## Supplied data
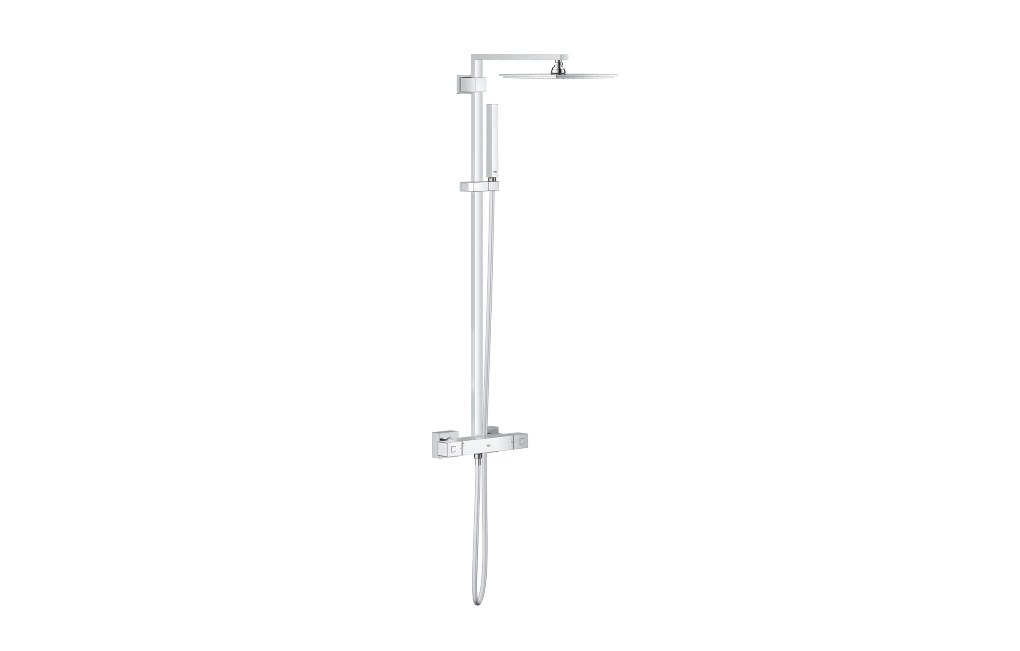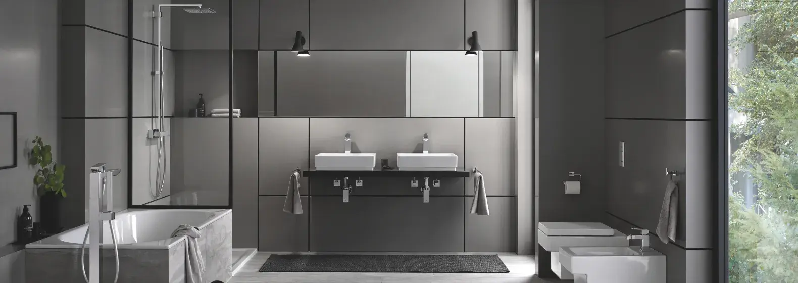 Produkty z kolekcji Eurocube to armatura z charakterem. Wyraziste, mocno zarysowane krawędzie mają na celu uwydatnić nawiązania do geometrycznych form, które odważnie wpływają na wystrój całej łazienki. Kwadraty i prostokąty stanowią bazę prezentowanej aranżacji – nie skąpiono ich ani podczas wyboru płytek, ani nawet przy wyposażaniu pomieszczenia w ceramikę sanitarną.
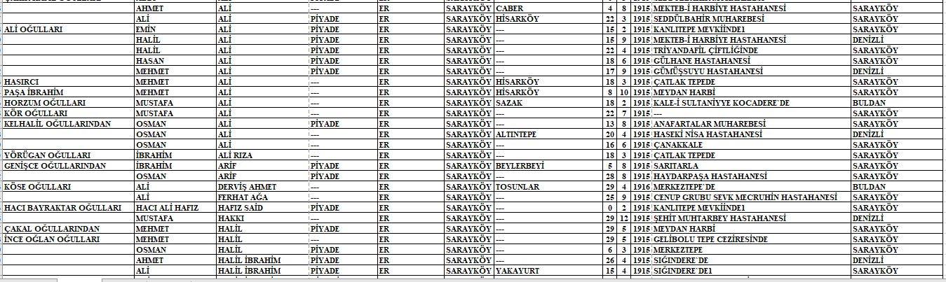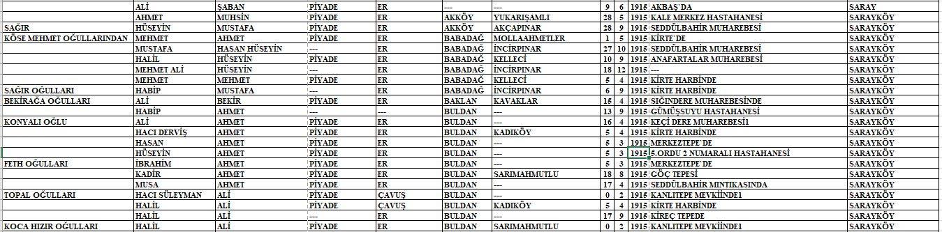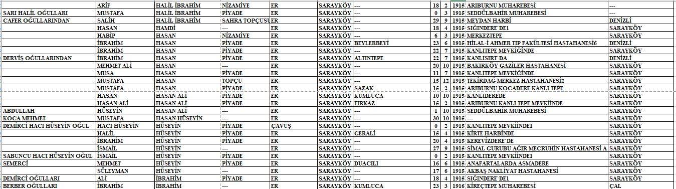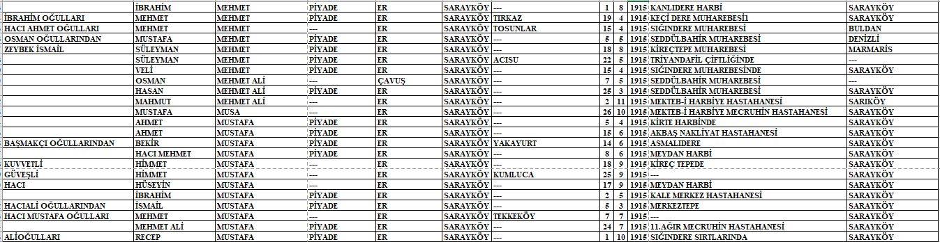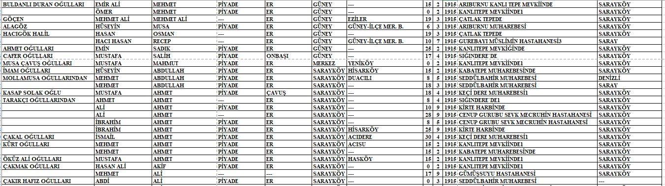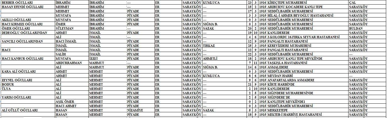 Arşivlerden ulaşılan listede o yıllarda kullanılan lakaplar, baba adı, Mehmetçiğimizin adı, askeri sınıfı, rütbesi, ölüm tarihi ve hayatını kaybettiği nokta yer almaktadır.
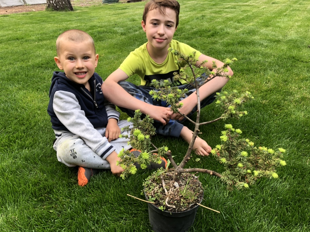 Krzyś bonsai za 15 zl z jałowca … i pracujemy nad kształtowaniem cechy chrakteru “cierpliwości” bo urożnie za lat 10 i będzie jak te za 565zl.
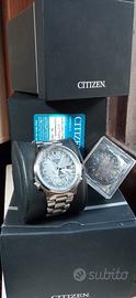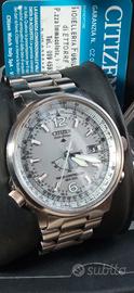 Orologio Citizien As2031-57 Radiocontrollato Uomo Alimentazione solare ( Eco-Drive) display analogico funzioni cronografo impermeabilità oltre 10 atm waterproof. Materiale cassa titanio Colore cassa argento Colore Quadrante Madreperlato ( più unico che raro!) Cinturino in acciaio Confezione originale con libretto/manuale allegato.

## Required work
Retype the listing exactly and drop the pictures.

## Output for this task
 Produkty z kolekcji Eurocube to armatura z charakterem. Wyraziste, mocno zarysowane krawędzie mają na celu uwydatnić nawiązania do geometrycznych form, które odważnie wpływają na wystrój całej łazienki. Kwadraty i prostokąty stanowią bazę prezentowanej aranżacji – nie skąpiono ich ani podczas wyboru płytek, ani nawet przy wyposażaniu pomieszczenia w ceramikę sanitarną.
 Arşivlerden ulaşılan listede o yıllarda kullanılan lakaplar, baba adı, Mehmetçiğimizin adı, askeri sınıfı, rütbesi, ölüm tarihi ve hayatını kaybettiği nokta yer almaktadır.
 Krzyś bonsai za 15 zl z jałowca … i pracujemy nad kształtowaniem cechy chrakteru “cierpliwości” bo urożnie za lat 10 i będzie jak te za 565zl.
 Orologio Citizien As2031-57 Radiocontrollato Uomo Alimentazione solare ( Eco-Drive) display analogico funzioni cronografo impermeabilità oltre 10 atm waterproof. Materiale cassa titanio Colore cassa argento Colore Quadrante Madreperlato ( più unico che raro!) Cinturino in acciaio Confezione originale con libretto/manuale allegato.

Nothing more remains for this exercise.